The Secretary of State to the American Ambassador.
Washington, December 17, 1911.
The note having been dated and in fact presented to-day, in accordance with the instructions of December 15, 11 p.m., this Government must so regard it.
You were, of course, not instructed to make any request for a reply, so that the remarks of the minister for foreign affairs were evidently made through some misunderstanding.
By the confidential telegram of December 15, midnight, you obviously were not instructed to make any diplomatic representation. The Department was actuated solely by its usual desire to counteract in all possible ways any erroneous impressions of a disagreeable situation between the two Governments, and not doubting a similar disposition on the part of the Russian foreign office, I instructed you merely to explain the tone in which I intended to make public the action taken, with a view to any suggestions the minister for foreign affairs might offer. Since this evidently was not made clear you will withdraw the suggestion, and I shall make the matter public in some manner equally considerate of the friendly relations between the two Governments.

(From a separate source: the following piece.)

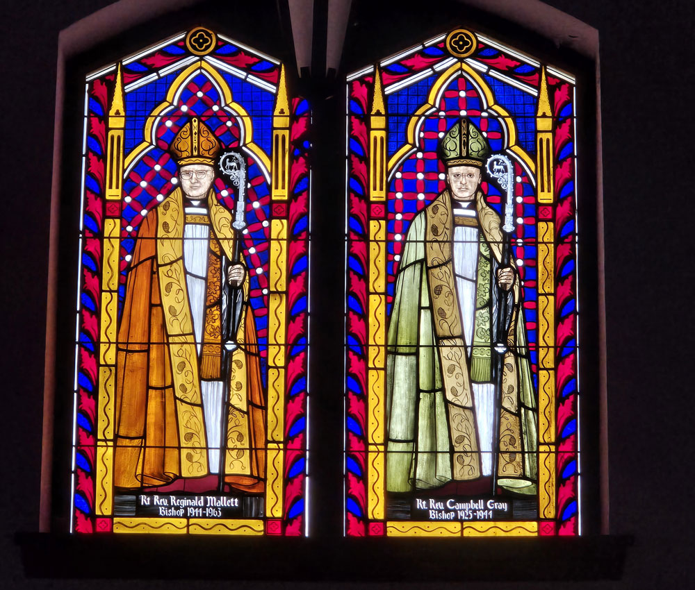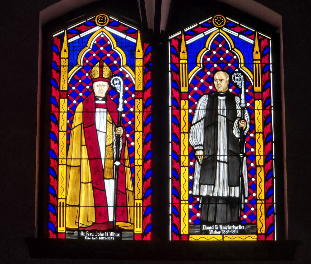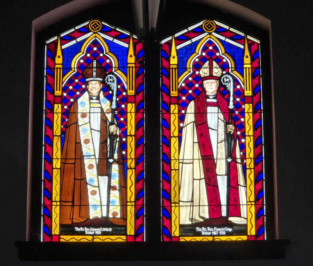 Deacon George Douglass ’60 has observed that some of the bishops portrayed in the stained glass windows in the north side of the nave are pictured wearing non-liturgical (e.g. brown) copes, an unlikely behavior for an anglo-catholic.
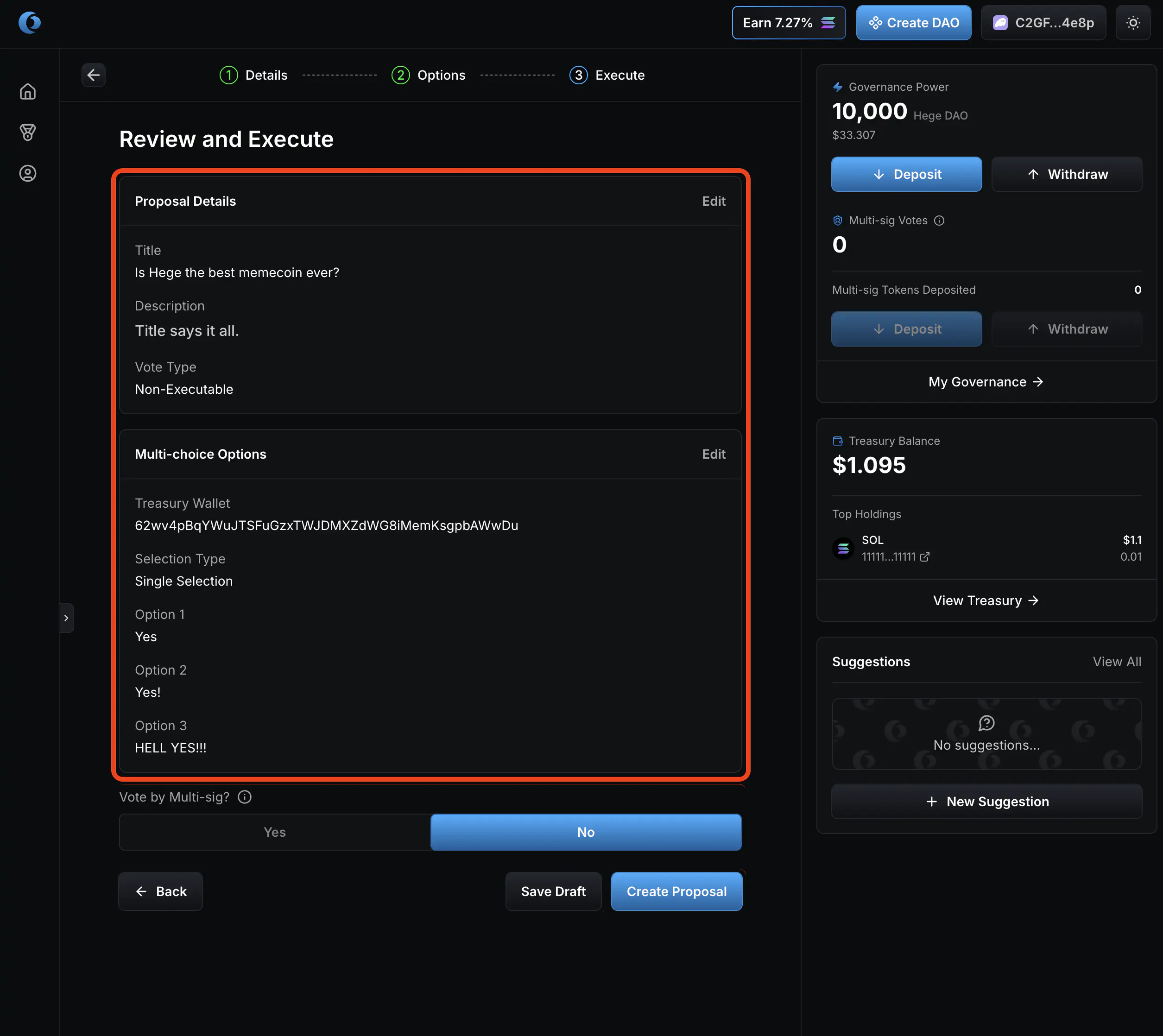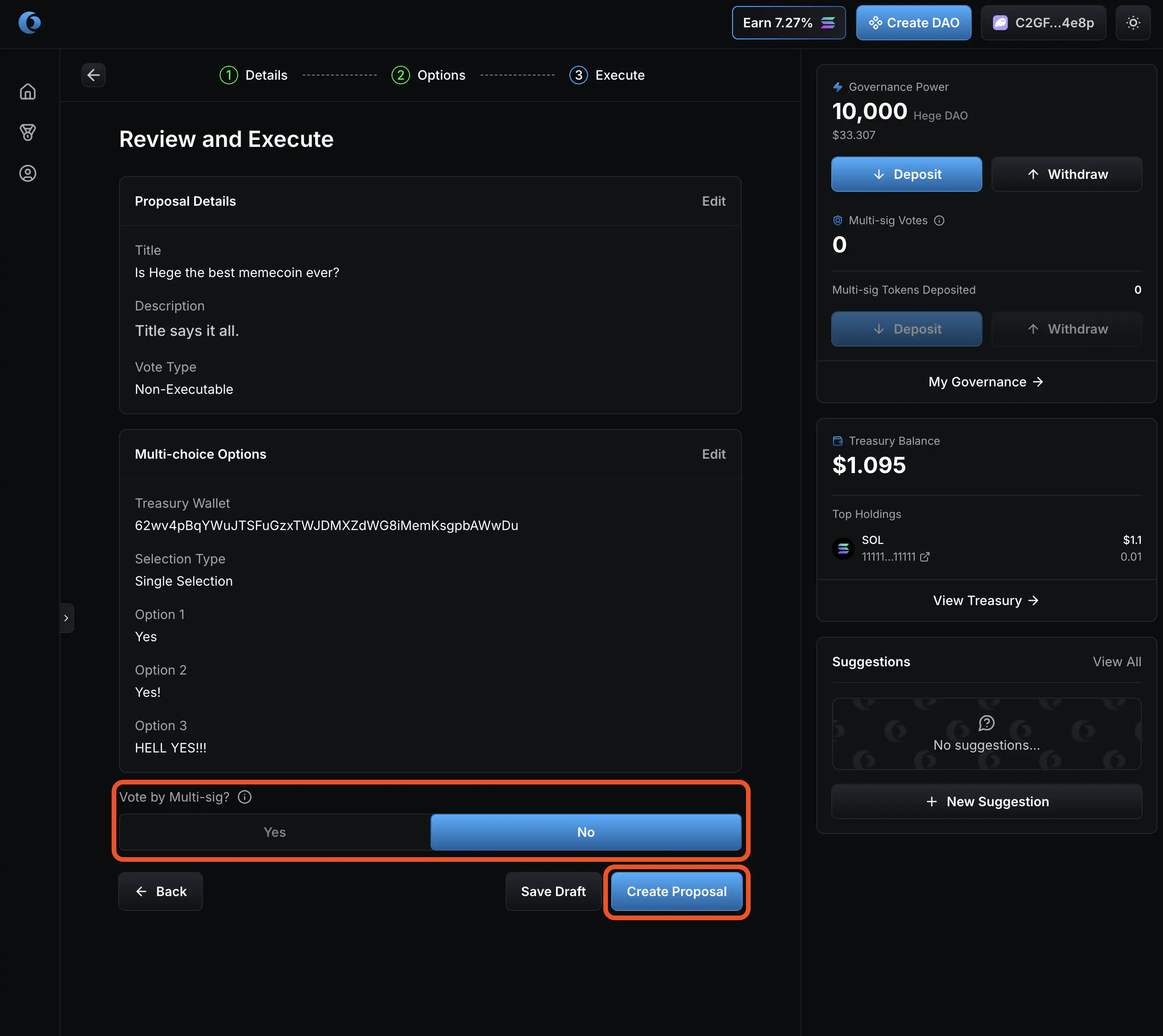 - Select “No” on vote by multi-sig. Then click “Create Proposal”.

Since his arrival the Russian ambassador here has been most frankly conferred with and apprised of each change of the situation. According to universal diplomatic practice there is nothing unfriendly in the giving of notice to terminate a treaty in the courteous manner provided for this purpose by the treaty itself. As your instructions clearly show, and as the Russian ambassador here well knows, it was precisely friendship for Russia which caused the President to take this action as the sole mode of avoiding immediate [Page 699] legislative action in terms to which there might be objection as not appropriate to our historic relations.
You will hand a copy of this telegram textually to the minister for foreign affairs.